Zach Braff torna con una regia ad alta gradazione hipster.
Ci sono un milione di motivi per volere bene a Zach Braff, non solo le ben otto stagioni di Scrubs, la sit-com perfetta, e non provate a dire il contrario. Primo tra tutti c’è il suo rapporto col pubblico, aperto, desideroso di abbracciare ogni singolo fan con la stessa passione con cui J.D. sognava di esser stretto tra le braccia del Dr. Cox, un sentimento ricambiato a tal punto da riempire la campagna di crowdfunding per il suo secondo film da regista: Wish I Was Here, una sottospecie di sequel a La mia vita a Garden State, entrambi con note autobiografiche (per così dire).

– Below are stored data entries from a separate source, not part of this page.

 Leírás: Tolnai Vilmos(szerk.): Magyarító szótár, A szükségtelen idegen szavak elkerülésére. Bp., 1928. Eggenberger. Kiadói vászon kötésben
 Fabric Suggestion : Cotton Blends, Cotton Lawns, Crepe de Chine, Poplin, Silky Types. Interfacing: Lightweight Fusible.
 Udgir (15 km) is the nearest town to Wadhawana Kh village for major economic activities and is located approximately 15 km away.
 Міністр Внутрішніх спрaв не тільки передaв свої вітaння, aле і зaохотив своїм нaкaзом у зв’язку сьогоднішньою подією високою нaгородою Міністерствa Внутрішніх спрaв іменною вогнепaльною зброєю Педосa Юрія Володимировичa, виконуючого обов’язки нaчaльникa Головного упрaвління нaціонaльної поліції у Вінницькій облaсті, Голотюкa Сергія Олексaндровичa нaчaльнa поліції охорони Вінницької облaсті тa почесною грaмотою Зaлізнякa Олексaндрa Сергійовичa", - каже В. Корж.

“Sequel” perché bene o male il protagonista, sempre interpretato da Braff stesso, è scritto basandosi sulla sua personalità, qualcosa che conosce bene tanto lui quanto il cosceneggiatore e fratello Adam J. Braff. La storia vuole il nostro eroe Aidan Bloom alle prese con un momento difficile della sua vita: il suo sogno di diventare un attore ha difficoltà ad avverarsi, tutta la famiglia si sostiene sui soli incassi di sua moglie (Kate Hudson) e proprio ora il padre Gabe annuncia di avere un cancro e che la terapia, costosissima, richiederà l’aiuto dell’unico figlio con cui ha un rapporto.

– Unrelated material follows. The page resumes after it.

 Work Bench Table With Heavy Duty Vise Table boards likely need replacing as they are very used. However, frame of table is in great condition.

È anche questo un film sulle responsabilità: prendersi carico dei propri doveri di figlio trovando un modo per sopportare il padre rabbino in punto di morte, il dovere di fratello e far sì che il più giovane e scomparso Josh Gad ritorni al nido per restituire un sorriso a Gabe, il dovere di marito, il dovere di un padre che cerca di essere per i suoi figli ciò che il proprio non ha potuto essere. Un primo passo è tornare ai sogni di bambino, alla sensazione di unicità che si prova da ragazzi, alla voglia sfrenata di salvare il mondo.

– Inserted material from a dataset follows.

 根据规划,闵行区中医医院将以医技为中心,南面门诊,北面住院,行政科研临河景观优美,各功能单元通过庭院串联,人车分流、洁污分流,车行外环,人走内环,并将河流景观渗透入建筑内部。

Guardando Wish I Was Here vi crescerà lentamente la barba, occhiali in acetato spunteranno fuori dalle vostre orbite e la pelle produrrà una camicia a quadroni da falegnami trasformandovi in hipster di prima categoria. Braff bene o male lo è ed è il sogno di ogni hipster una commedia con tutti i propri attori preferiti (Donald Faison, Mandy Patinkin, Jim Parsons anche loro nel cast) e una colonna sonora composta da band e solisti barbuti – Radical Face, Bon Iver – che finiranno dritti dritti nelle playlist di chi non li conosceva o faranno scorrere lacrime sulle guance di chi ha l’orecchio abituato.
L’ultimo dei due è quanto cerca Braff: un ulteriore contatto con il pubblico, sempre più stretto. L’attore/regista ha diretto grazie ai soldi dei fan e a loro a restituito quanto cercavano, quella platea che da lui si aspetta un determinato sound, viaggi mentali e qualche frase d’impatto per darci di che riflettere e scrivere sulle nostre moleskine o in sovrimpressione sulle fotografie scattate al tramonto. E sapete cosa? Col pubblico funziona, sdolcinato, ma Braff ha talento sia in scrittura che in regia e riesce a rendersi simpatico con la sua ricerca per la verità perché recita la parte della persona normale.
Non ha una vita spettacolare Aidan Bloom, non vivrà il suo sogno fino in fondo, crollerà sempre con tutte le difficoltà della vita, ma le affronterà con un sorriso. Come non relazionarsi a un personaggio simile, contrario a tanti altri della scena hollywoodiana, la stessa che voleva impedirgli di assumere nel cast quei volti familiari presi da Scrubs e altre serie tanto amate come, appunto, The Big Bang Theory, il cui multimilionario Jim Parsons apparì in Garden State prima ancora che la fama lo investisse con assegni a più zeri di quanti l’occhio riesca a contare.
Wish I Was Here è un film estivo: mette di buon umore, scaccia il caldo e il cattivo umore. Fateci un pensiero.